Wednesday, 30 January 2008

4th Sunday in Ordinary Time - Year A

Zephaniah 2:3;3:12-13; 1Corinthians 1:26-31; Matthew 5:1-12

How happy are the poor in spirit; theirs is the kingdom of heaven.

I’m sure we have all experienced that some people are somehow special and that when we speak with them, or work with them, or fight with them, the expression poor in spirit comes spontaneously to mind. But what does it mean to be poor in spirit?

The expression applies first and foremost to Jesus who is the archetype of the poor in spirit, and, therefore, the kingdom of heaven is his.

To reach within ourselves an awareness of our own poverty let’s do an exercise together using our imaginations.

Let each one of us go and stand before God and then hand back to him everything that does not really belong to us. In this exercise we can keep only what truly belongs to us.

We could hand back firstly our house, made of God’s wood and stone, and our furniture, and so on. Get the idea? How does it feel to you to have no house to live in? You are certainly a lot poorer, aren’t you?

And now hand back your car, your clothes, in fact, to cut a long story short, hand back everything – all your possessions. Wow! There you are! Not even a shirt on your back.
How do you feel? Poorer?

Now hand back to God your children, grandchildren, your parents, brothers and sisters, uncles and aunts, friends, and your husband or wife. They all belong to God, they are not yours. Hand them back.
So now, there you are, all alone in the world, penniless, naked.

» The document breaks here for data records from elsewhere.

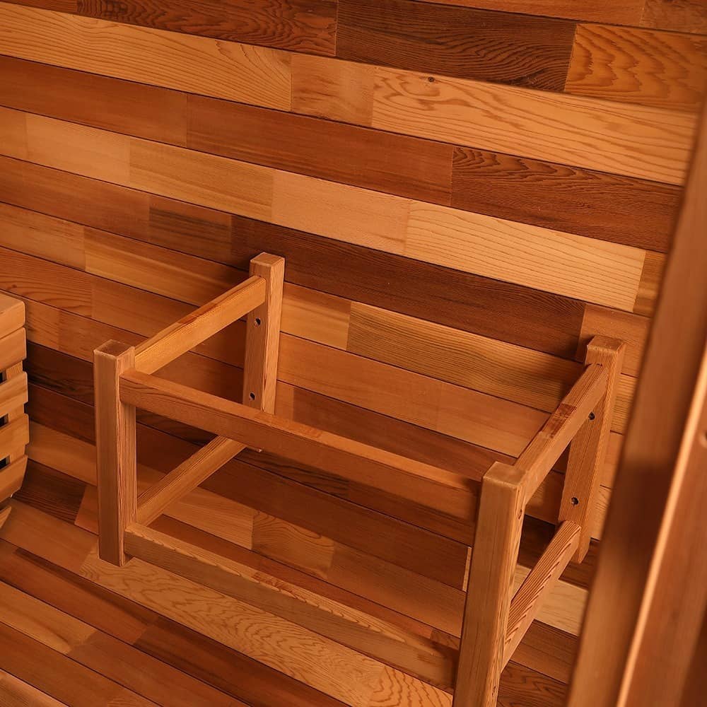 - المادة الرئيسية: يتم استخدام الخشب الصلب عالي الجودة المقاوم للحرارة في جميع أنحاء (الجدران والمقاعد والإطار كلها من الخشب الصلب)، وتمت معالجته باحترافية لمقاومة الرطوبة والحرارة للتكيف مع بيئة الساونا ذات درجة الحرارة العالية والرطوبة العالية.
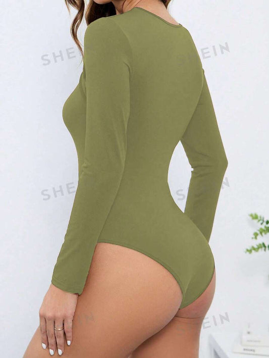 SHEIN Essnce Monos De Manga Larga Con Cuello Redondo Para Mujer Y Con Huecos
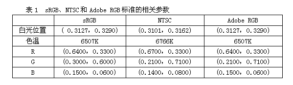 表1  sRGB、NTSC和Adobe RGB標(biāo)準(zhǔn)的相關(guān)參數(shù)
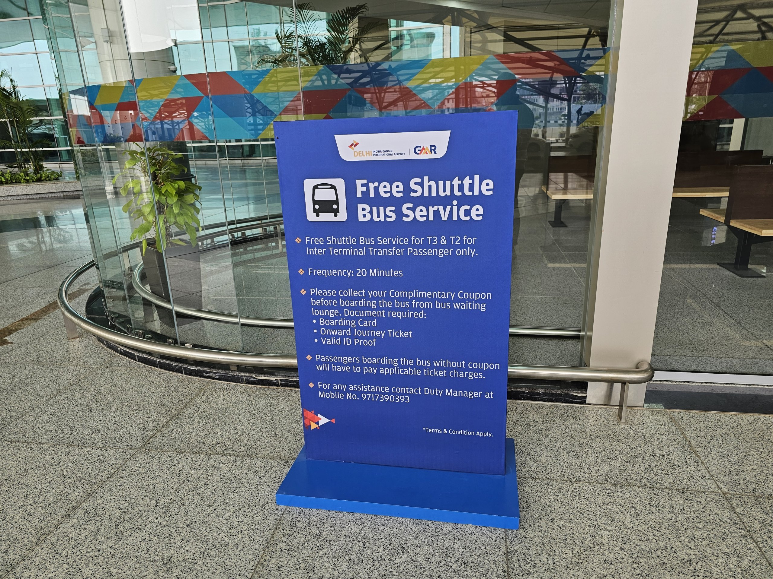 Du finner offisiell informasjon om busstilbudet mellom terminalene på flyplassens nettsted: newdelhiairport.in/inter-terminal-transports.
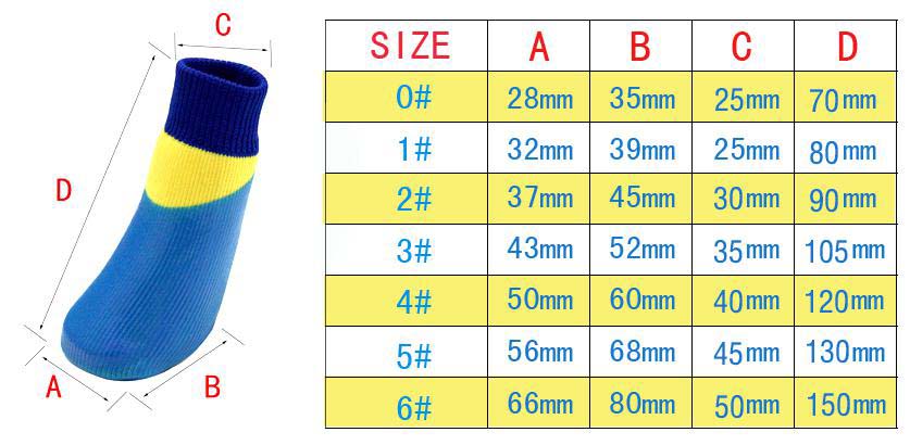 Se hvilken størrelse din hund skal bruge på skemaet nedenfor. (strømperne kan være lidt små i størrelserne).
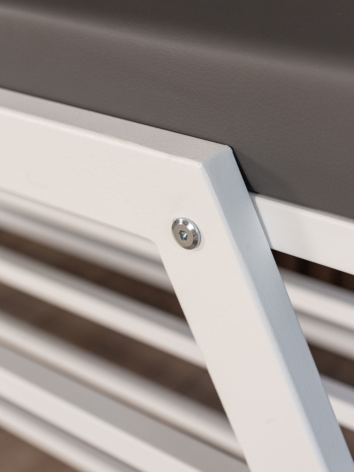 Каркас выполнен из прочного металла и окрашен полимерно-порошковой краской в чистый белый цвет. Это покрытие устойчиво к износу, не боится механических повреждений и сохраняет свежесть оттенка надолго. Белый металлический каркас — активная интерьерная деталь, подчеркивающая легкость и воздушность помещения. Изделие с таким каркасом отлично смотрится в интерьерах с преобладанием светлых тонов, помогает визуально расширить пространство и создает ощущение свежести и порядка.
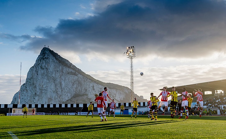 ジブラルタルはイベリア半島の南東部に位置しており、スペインと陸続きでありながらイギリスの海外県であるという特殊な事情を持つ。ジブラルタルの山はこのスタジアムの目と鼻の先にあり、ピッチから見るとこのようにそびえ立って見えるのだ。

But we haven’t finished. Now hand back to God all your achievements and good works. You might be very proud of your good works but really they were done using the body and mind and the gifts of nature God gave you, and the grace which inspired you and made it possible to do good. Hand them all back - they belong to God, they are nothing more than our duty and were done for his glory.

Now give him all that’s left that does not belong to you - that includes your mind, your soul, your body. These things are all God’s gift. And so now, in the place where before you stood there is nothing! Oops, wait a minute, that’s not true!

In the place where you stood there is a pile of something. What is it?

Sin!

All your sins are there because these truly belong to you. They do belong to you and God did not help you to commit them. They came about not because you used what God gave you but because you abused what he gave you.

Can you now understand why the saints always say to God: Lord, I am nothing but sin?

Truly, we are nothing but sin.

I think now we are able to understand that a person truly poor in spirit is a person who carries within them a permanent and deep awareness of their own nothingness and who lives every moment of the day and all their relationships with others in the consciousness of this truth.

But there is something more we should realise. Jesus mentions the poor in spirit as the first of the beatitudes, not the second or third. This is because it is only the poor in spirit who can truly be all those other things he mentions.

Only the poor in spirit can be gentle, can truly mourn, can truly hunger for what is right, be merciful, and peacemakers, and so on. The poor in spirit have a first option on these virtues because they claim nothing for themselves.

Finally, and this is the best part of the story, the poor in spirit are the richest people of all because to them alone belongs all the fullness of God. All that God has he gives to the poor in spirit and this includes all that he has made.

A practical lesson from all this for our prayer? Let us, every day, make ourselves richer, by meditating more deeply on our nothingness.